Department of Otorhinolaryngology-Head and Neck Surgery, CHA Bundang Medical Center, CHA University, Seongnam, Republic of Korea.
Oral Oncol. 2020 Jul;106:104705. doi: 10.1016/j.oraloncology.2020.104705. Epub 2020 Apr 13.
Soft tissue sarcomas of the head and neck (HNSTS) show various histological types and clinical behaviour. Recently, the 8th edition of the American Joint Committee on Cancer (AJCC) proposed a staging system for HNSTS independent of other body soft tissue sarcomas, which requires validation. Therefore, we evaluated the prognostic factors for the survival of HNSTS patients through a comparison between previous and current AJCC staging systems.
This study involved 135 consecutive HNSTS patients who underwent primary surgery, chemoradiotherapy or chemotherapy. Patients were grouped into staged (S) and not staged (NS) cancer according to the AJCC 8th edition staging.

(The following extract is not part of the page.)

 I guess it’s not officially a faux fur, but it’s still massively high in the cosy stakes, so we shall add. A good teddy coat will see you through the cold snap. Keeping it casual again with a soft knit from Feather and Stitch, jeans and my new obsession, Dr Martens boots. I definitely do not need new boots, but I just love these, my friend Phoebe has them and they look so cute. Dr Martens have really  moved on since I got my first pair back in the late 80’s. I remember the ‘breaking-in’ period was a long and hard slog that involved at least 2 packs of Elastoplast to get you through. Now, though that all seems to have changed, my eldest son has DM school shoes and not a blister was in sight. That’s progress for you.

Cox proportional-hazard regression analyses were used to identify factors associated with overall survival (OS), and progression-free survival (PFS) in all, S or NS patients.
Median follow-up period was 75 months and the 5-year OS and PFS rates of all patients were 67.8% and 53.4%, respectively, which was similar between S and NS groups. Age, tumour size and grade, overall stage (7th edition) and resection margin were the significant prognostic factors for OS and PFS in all patients and NS group (all P < 0.05), whereas positive resection margin was the only significant factor for OS and PFS in the S group (P < 0.001). While OS was poorly discriminated among different 8th edition T-categories, different 7th edition showed good discrimination among overall stages in all patients and the NS group.

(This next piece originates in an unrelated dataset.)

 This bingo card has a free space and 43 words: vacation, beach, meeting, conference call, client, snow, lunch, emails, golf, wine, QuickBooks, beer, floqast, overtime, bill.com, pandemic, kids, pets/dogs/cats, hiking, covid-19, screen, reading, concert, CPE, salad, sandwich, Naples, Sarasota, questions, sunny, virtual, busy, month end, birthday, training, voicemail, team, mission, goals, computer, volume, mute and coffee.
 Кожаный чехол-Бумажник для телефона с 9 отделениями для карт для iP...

The revised staging system may not provide an improved risk stratification for survival of HNSTS patients.
头颈部软组织肉瘤(HNSTS)表现出多种组织学类型和临床行为。最近,第 8 版美国癌症联合委员会(AJCC)提出了一种独立于其他身体软组织肉瘤的 HNSTS 分期系统,需要验证。因此,我们通过比较之前和当前的 AJCC 分期系统,评估了 HNSTS 患者生存的预后因素。
本研究纳入了 135 例连续接受原发手术、放化疗或化疗的 HNSTS 患者。根据 AJCC 第 8 版分期,患者分为分期(S)和未分期(NS)癌症。采用 Cox 比例风险回归分析,确定所有、S 或 NS 患者的总生存(OS)和无进展生存(PFS)相关因素。
中位随访时间为 75 个月,所有患者的 5 年 OS 和 PFS 率分别为 67.8%和 53.4%,S 组和 NS 组之间无显著差异。年龄、肿瘤大小和分级、总体分期(第 7 版)和切缘是所有患者和 NS 组 OS 和 PFS 的显著预后因素(均 P<0.05),而切缘阳性是 S 组 OS 和 PFS 的唯一显著因素(P<0.001)。虽然第 8 版的不同 T 分期对 OS 的区分较差,但不同的第 7 版在所有患者和 NS 组的总体分期中对 OS 有较好的区分。
修订后的分期系统可能无法为 HNSTS 患者的生存提供更好的风险分层。